# WORK INSTRUCTIONS
The copy you return must begin at the line containing "Bosna Askeri Postane" and end at the final line of the listing below, with every picture left out.

# DATA SECTION
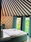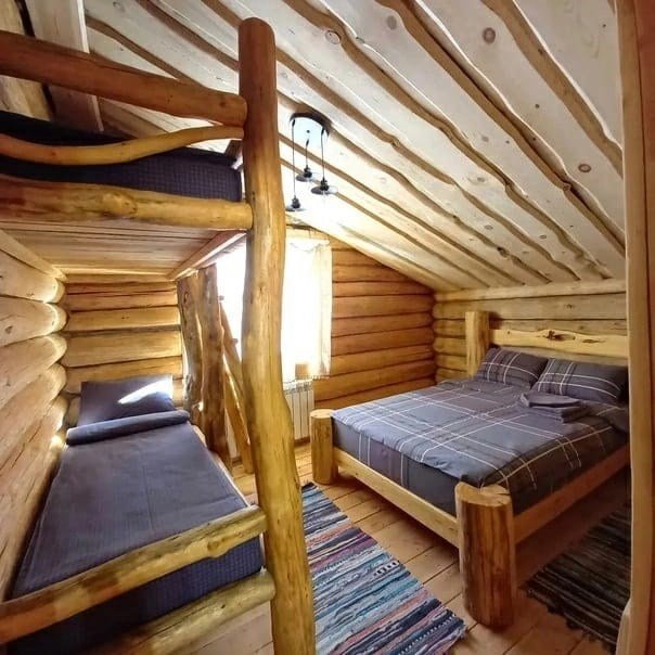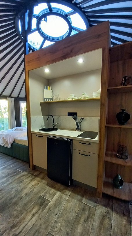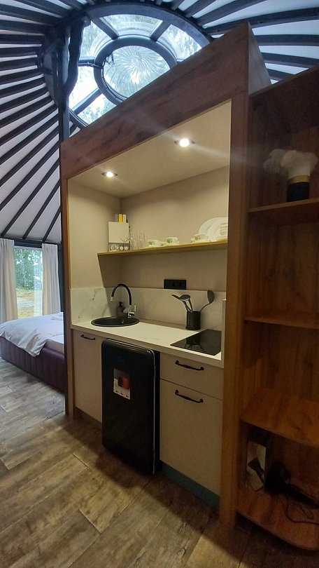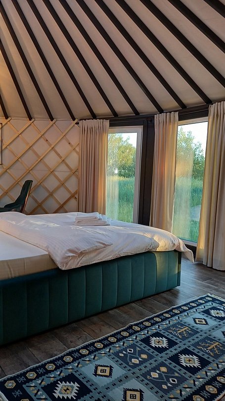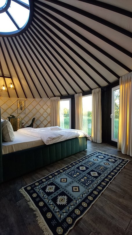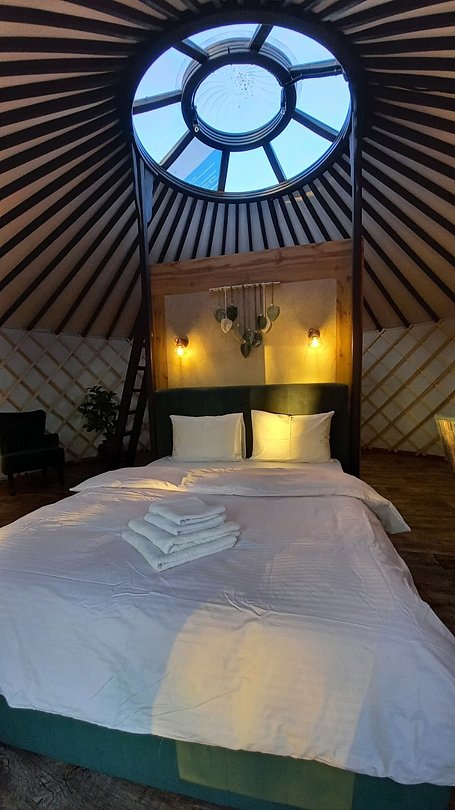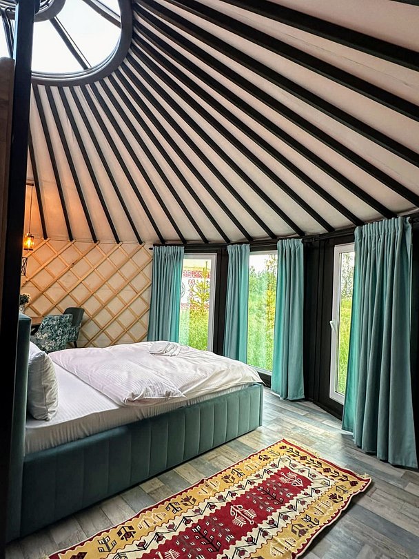 Колоритный дом (юрта) для семейного отдыха с видом на лес и озеро. Цвет интерьера - зелёный. Юрта состоит из одной комнаты-гостиной. В гостиной имеется двухуровневое спальное место: одна полноформатная двуспальная кровать, вторая двуспальная кровать расположена на втором уровне (дополнительное место). Размещение: 2-е взрослых + 2-е детей.
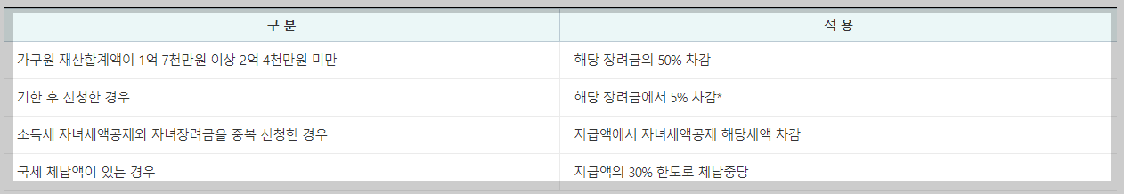 또한, 아래 조건에 해당하는 경우에는 지급액이 감액되거나 체납충당이 될 수 있습니다.
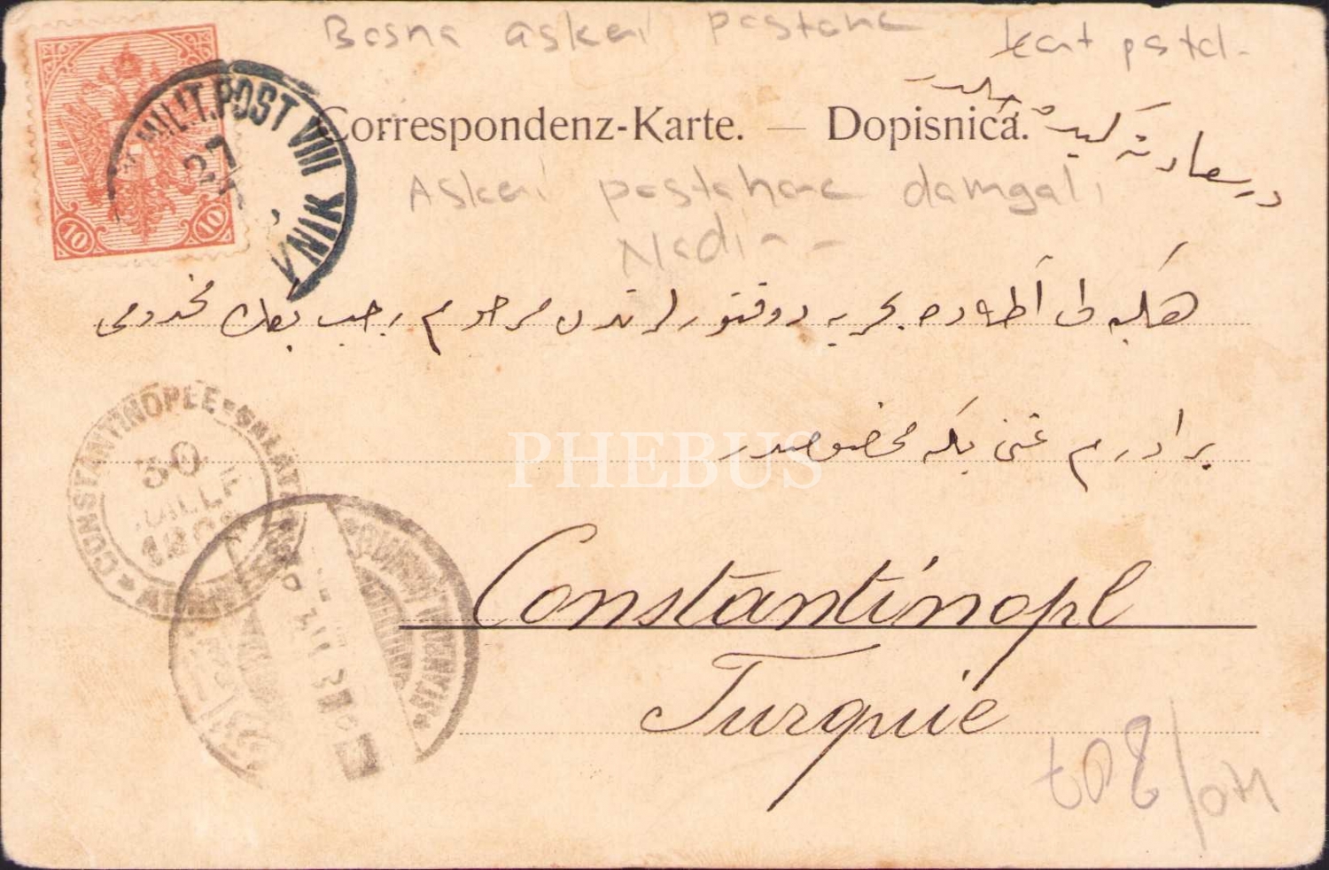 Bosna Askeri Postane kartpostal, Askeri Postane damgalı (Nadir)
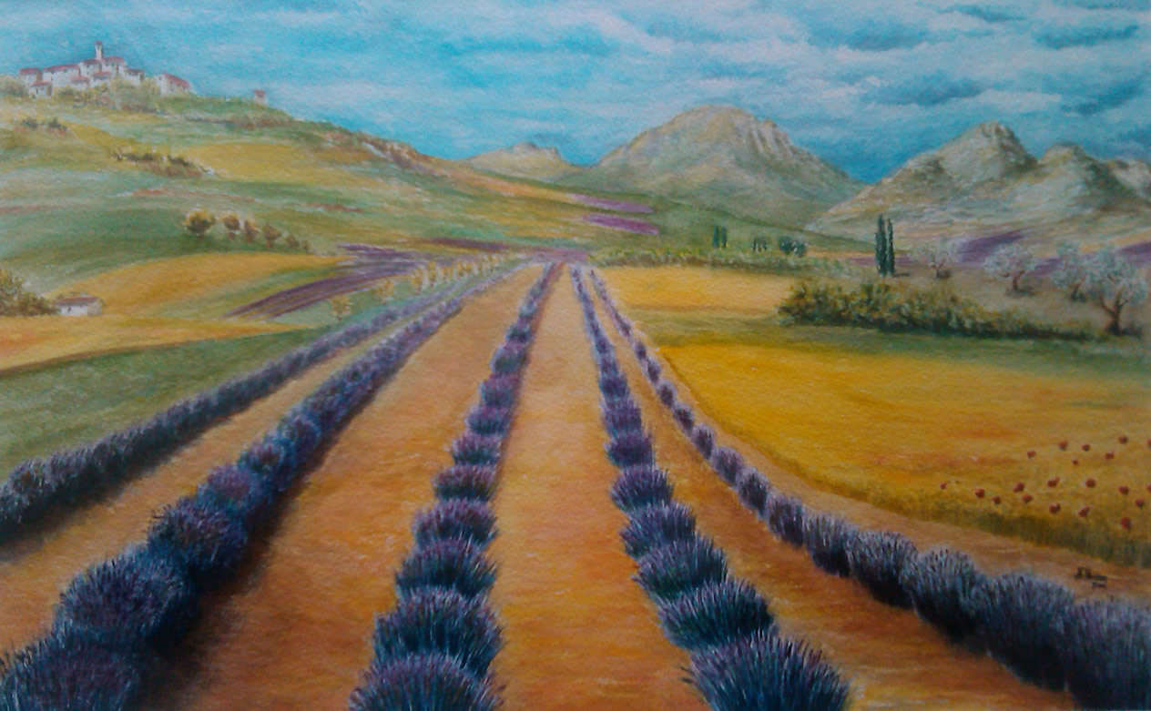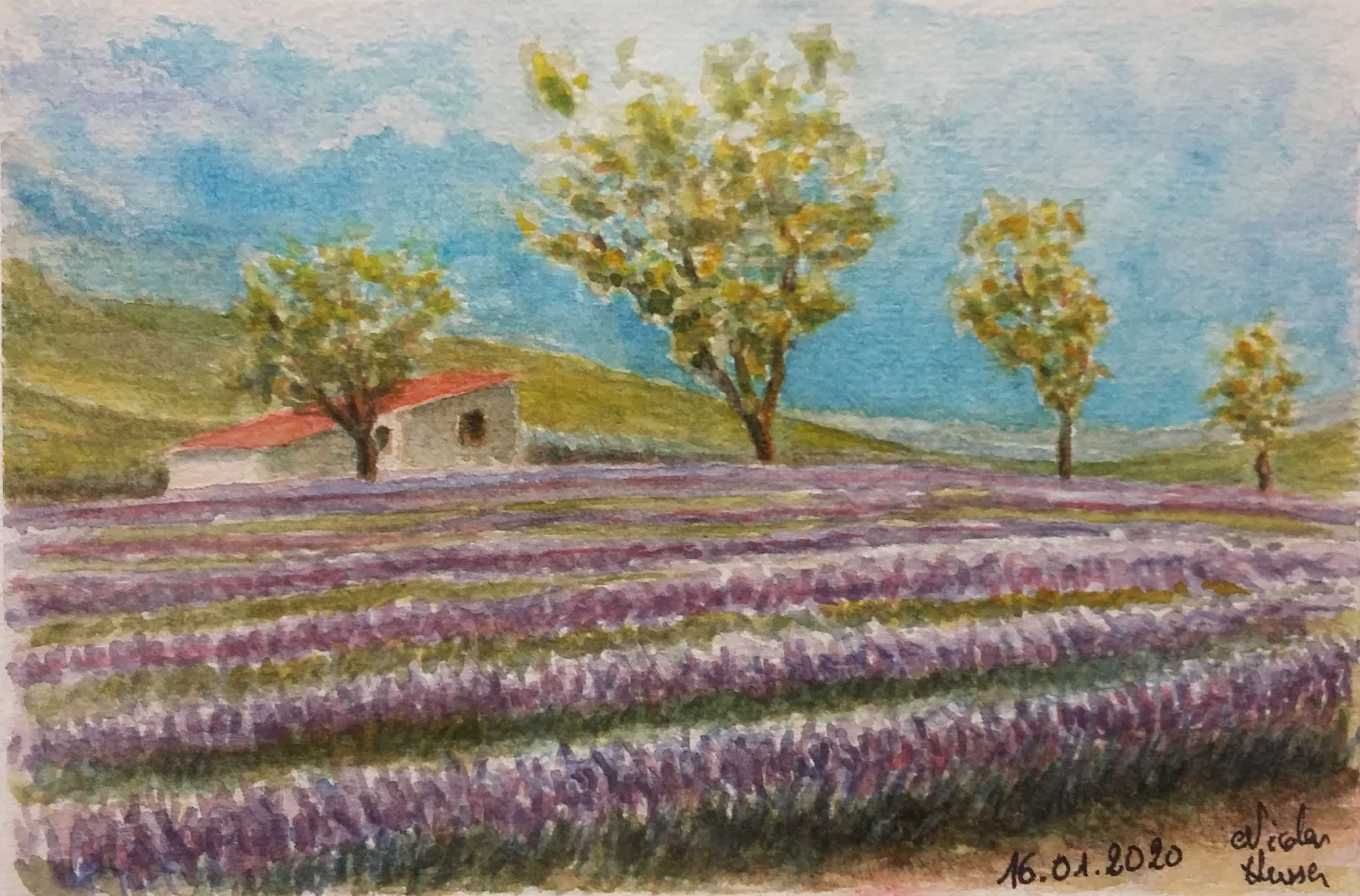 Champ de lavande en Provence Aquarelle, 51/36, 2014

# RESULT FOR THIS TASK
 Bosna Askeri Postane kartpostal, Askeri Postane damgalı (Nadir)
 Champ de lavande en Provence Aquarelle, 51/36, 2014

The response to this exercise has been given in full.